I'm not a 3E player but I don't mind heated discussion.
The following seemed to me some key features of the spell (from the SRD):
Several illusory duplicates of you pop into being
<snip>
The figments stay near you and disappear when struck
<snip>
These figments separate from you and remain in a cluster, each within 5 feet of at least one other figment or you.
<snip>
Enemies attempting to attack you or cast spells at you must select from among indistinguishable targets. Generally, roll randomly to see whether the selected target is real or a figment.
<snip>
While moving, you can merge with and split off from figments so that enemies who have learned which image is real are again confounded.
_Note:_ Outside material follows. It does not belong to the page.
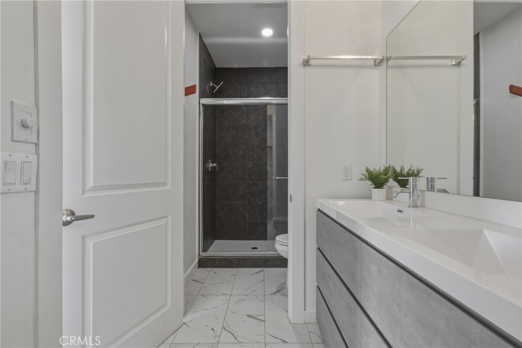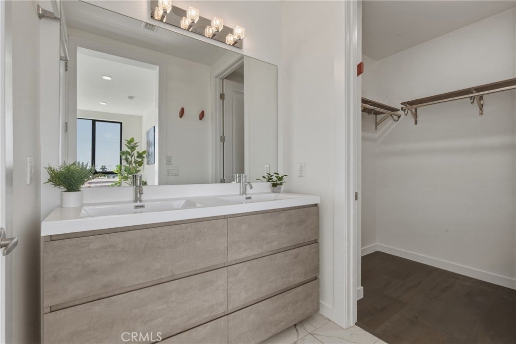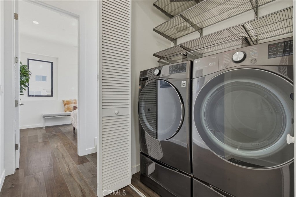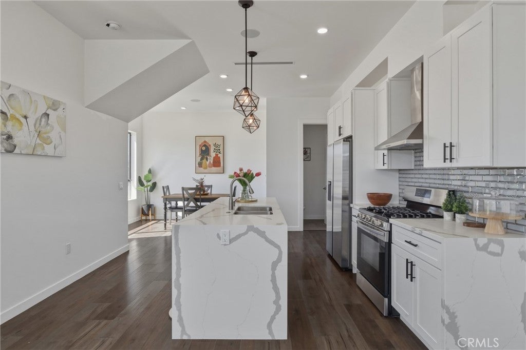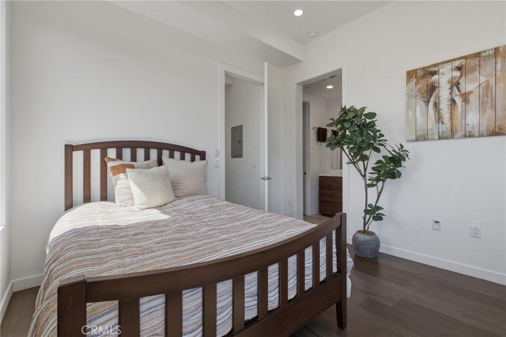 Stunning corner residence with a private rooftop deck offering panoramic city and mountain views stretching to Downtown LA. This light-filled home features an open-concept floor plan with large architectural windows, dark flooring, and a modern kitchen with white quartz countertops, stainless steel appliances, and bar seating perfect for entertaining. The home offers 2 bedrooms, a dedicated office, 2 full bathrooms, and 2 powder rooms, along with spacious walk-in closets and well-appointed finishes throughout. Enjoy modern smart home features including built-in speakers, security cameras, smart thermostats, Ring doorbell, and a smart-enabled garage. Private two-car garage included. Ideally located just minutes from Sunset Bronson Studios, Netflix, Paramount, and Gower Studios. A rare opportunity to own a stylish home with exceptional outdoor space and incredible views.

One thing I notice is that there's no indication as to who decides where the images are located. With 8 images, plus a caster, it seems they could be spread out over a 40' line. But that doesn't really make sense for many attack, especially melee attacks: presumably when a melee attack is made (which is targeting a particular entity in a given 5' square), the images all cluster together about the caster. But this doesn't really make much sense either: a blow against an illusory figment which is one of 8 in a 5' square, plus a caster, is almost certainly going to carry through and take out more figments (or the caster).
So maybe only
one figment joins the caster, in the same square but (say) 2 or 3 feet away. But then the miss chance would only be 50%, not 1/(N+1), where N is the number of images.
My provisional conclusion: this is a spell whose mechanics made sense in AD&D, with abstract positioning and 1 minute rounds, but it really doesn't survive the translation into the much less abstract 3E positioning rules.
(EDIT to help warm things up: can we talk about Mirror Image as a "dissociated mechanic"?)